Probability Distribution

Question

Let X have a Poisson distribution with parameter λ = 1. What is the probability that X ≥ 2 given that X ≤ 4?

Answer 1

P(X>=2) given X<=4 and λ = 1 :

Poisson Distribution falls under Discrete Random Variable so considering all the discrete points in the range {2,3,4}.

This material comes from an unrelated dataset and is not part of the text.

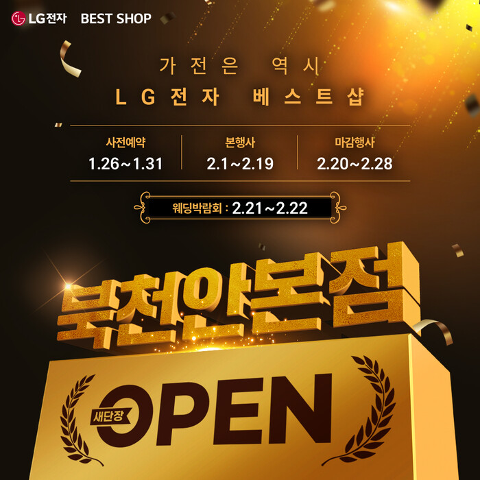 LG전자 베스트샵 북천안본점 새단장 오픈 행사는 사전행사(1월 26일~31일)를 시작으로 본행사(2월 1일~19일), 마감행사(2월 20일~28일)까지 순차적으로 운영된다. 또한 2월 21일부터 22일까지는 웨딩 고객을 대상으로 한 웨딩박람회가 함께 진행돼 혼수가전 상담을 원하는 예비부부들의 방문이 예상된다.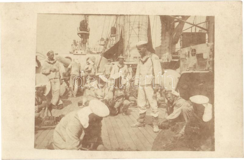 Osztrák-Magyar Haditengerészet matrózai egy csatahajó fedélzetén / K.u.K. Kriegsmarine / WWI Austro-Hungarian Navy mariners on a batthleships's board. photo

= P(X=2) + P(X=3) + P(X=4)

= (e^(-1) * 1^2)/2! + (e^(-1) * 1^3)/3! + (e^(-1) * 1^4)/4!

= (1/e) * (½ + 1/6 + 1/24)

= 17/24e

= 0.26058

Now we need to find out

P(X>=2 / X<=4)

=  ( P(X=2) + P(X=3) + P(X=4) ) / ( P(X=0) + P(X=1) + P(X=2) + P(X=3) + P(X=4) )

=  0.26058 / 2.70834

=  0.0962

Comments

In question, it is asked for the conditional probability.

$\mathbb{P}(X=k) = \frac{e^{-\lambda} \lambda^k}{k!}$ where $\lambda \in (0,\infty)$ and $k \in N_0$ (Natural numbers starts from 0)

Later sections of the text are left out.